Can you transcribe every entry word for word, skipping the images?

» **Stored records**
########################################
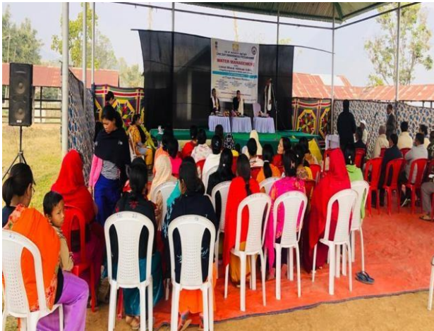
Villagers participating in the programme
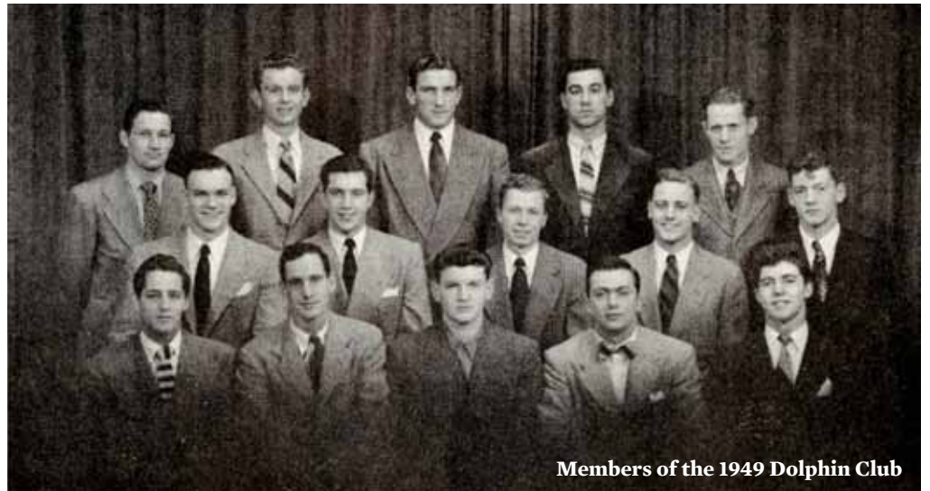
Members of the 1949 Dolphin Club
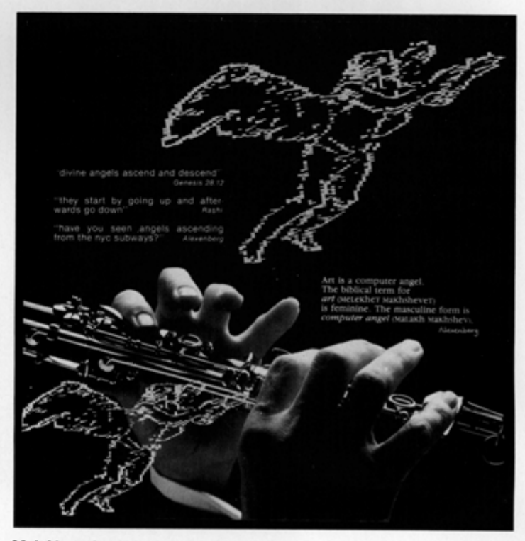
Mel Alexenberg Subway Angel, 1987 Mixed media, 23" x 21"
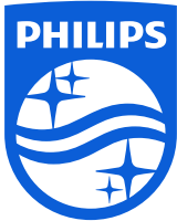
TUV 24T5 HO 4P SE
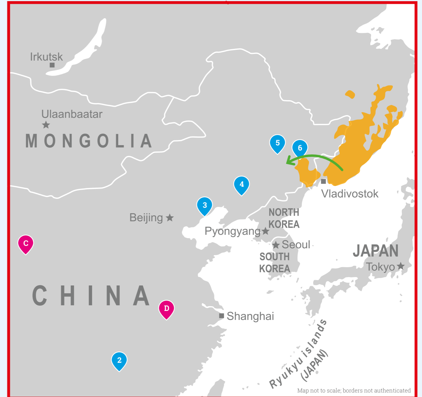
Map not to scale; borders not authenticated
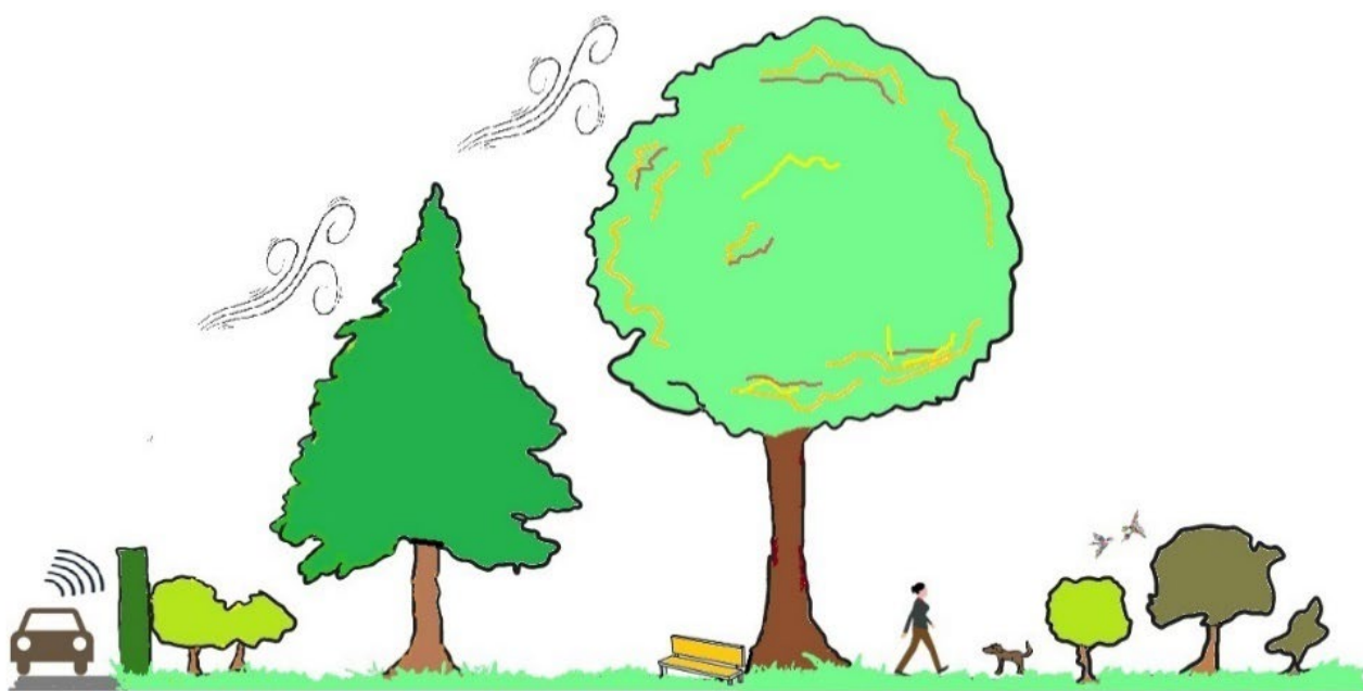
Figure 2. Ornamental plants and their potential positive effects on urban and peri-urban environments. A combination of species with vegetation from the ground can be used as noise barriers, and species with high density foliage can be used as shields for wind protection. Through their transpiration, they can reduce temperature, and with their canopy, they can create shadow areas for relaxing during the summer. Different species increase the biodiversity in urban and peri-urban areas.

Plants are key elements of rain gardens. Water cycles benefit plants through the transpiration process as well as the long-term maintenance of suitable soil structures (to increase the water infiltration) [47]. Plants also remove nutrient-based pollutants (mostly nitrogen and phosphorus) and, partially, non-biodegradable pollutants (i.e., heavy metals) in stormwater runoff [48]. The plants, also thanks to their ornamental features, enhance the aesthetic value of the landscape [49].
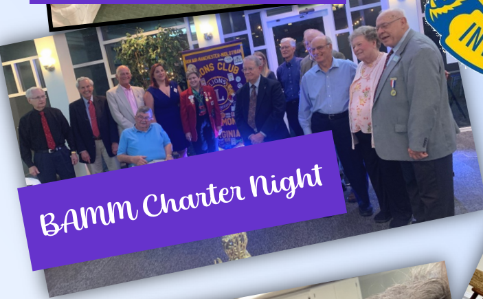
BAMM Charter Night
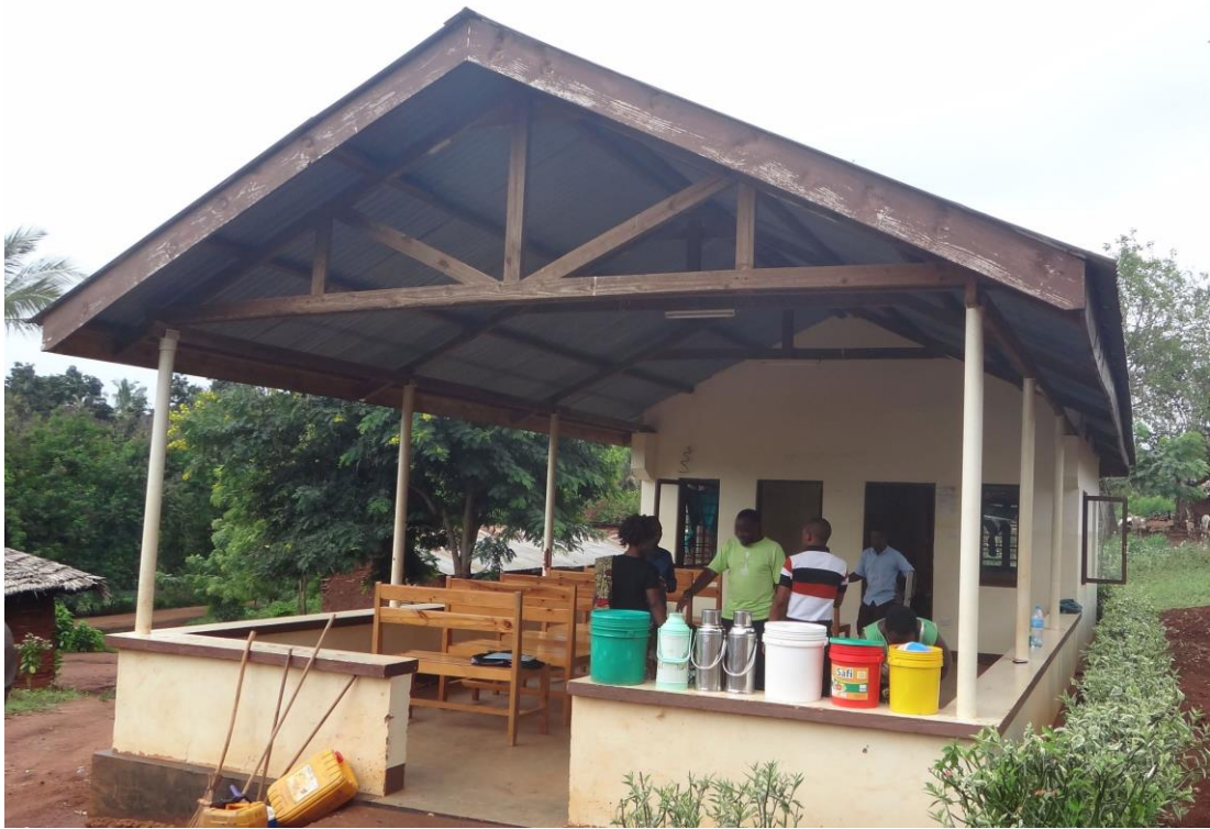
Figure 8: Trial dispensary.

Once caregivers and participants arrived at the dispensary, they sat on the wooden benches and waited for their child's name to be called by a nurse. At the table set up on the porch, a nurse and fieldworker filled out the first page of the five-page form with information found in participant files, including the name of the participant and their caregiver, name of their village and sub-village, name of the village leader, house number, and date of birth. Once this was completed for each participant, the nurse and fieldworker began calling out the name of participants. This was a signal for caregivers to bring their child to be seen by the nurse and fieldworker who took each child's temperature by placing a thermometer under their arm. Once taken, the temperature was recorded on the form. If a fever was discovered, that was noted in the file, which signalled to trial staff that the child would need to be tested for malaria using a Rapid Diagnostic Test for malaria (mRDT) after their blood was drawn. Each child was weighed on a scale, and their height and their arm circumference were measured, with this information recorded on the five-page form.
########################################
» **Reply to the task**
Villagers participating in the programme
Members of the 1949 Dolphin Club
Mel Alexenberg Subway Angel, 1987 Mixed media, 23" x 21"
TUV 24T5 HO 4P SE
Map not to scale; borders not authenticated
Figure 2. Ornamental plants and their potential positive effects on urban and peri-urban environments. A combination of species with vegetation from the ground can be used as noise barriers, and species with high density foliage can be used as shields for wind protection. Through their transpiration, they can reduce temperature, and with their canopy, they can create shadow areas for relaxing during the summer. Different species increase the biodiversity in urban and peri-urban areas.

Plants are key elements of rain gardens. Water cycles benefit plants through the transpiration process as well as the long-term maintenance of suitable soil structures (to increase the water infiltration) [47]. Plants also remove nutrient-based pollutants (mostly nitrogen and phosphorus) and, partially, non-biodegradable pollutants (i.e., heavy metals) in stormwater runoff [48]. The plants, also thanks to their ornamental features, enhance the aesthetic value of the landscape [49].
BAMM Charter Night
Figure 8: Trial dispensary.

Once caregivers and participants arrived at the dispensary, they sat on the wooden benches and waited for their child's name to be called by a nurse. At the table set up on the porch, a nurse and fieldworker filled out the first page of the five-page form with information found in participant files, including the name of the participant and their caregiver, name of their village and sub-village, name of the village leader, house number, and date of birth. Once this was completed for each participant, the nurse and fieldworker began calling out the name of participants. This was a signal for caregivers to bring their child to be seen by the nurse and fieldworker who took each child's temperature by placing a thermometer under their arm. Once taken, the temperature was recorded on the form. If a fever was discovered, that was noted in the file, which signalled to trial staff that the child would need to be tested for malaria using a Rapid Diagnostic Test for malaria (mRDT) after their blood was drawn. Each child was weighed on a scale, and their height and their arm circumference were measured, with this information recorded on the five-page form.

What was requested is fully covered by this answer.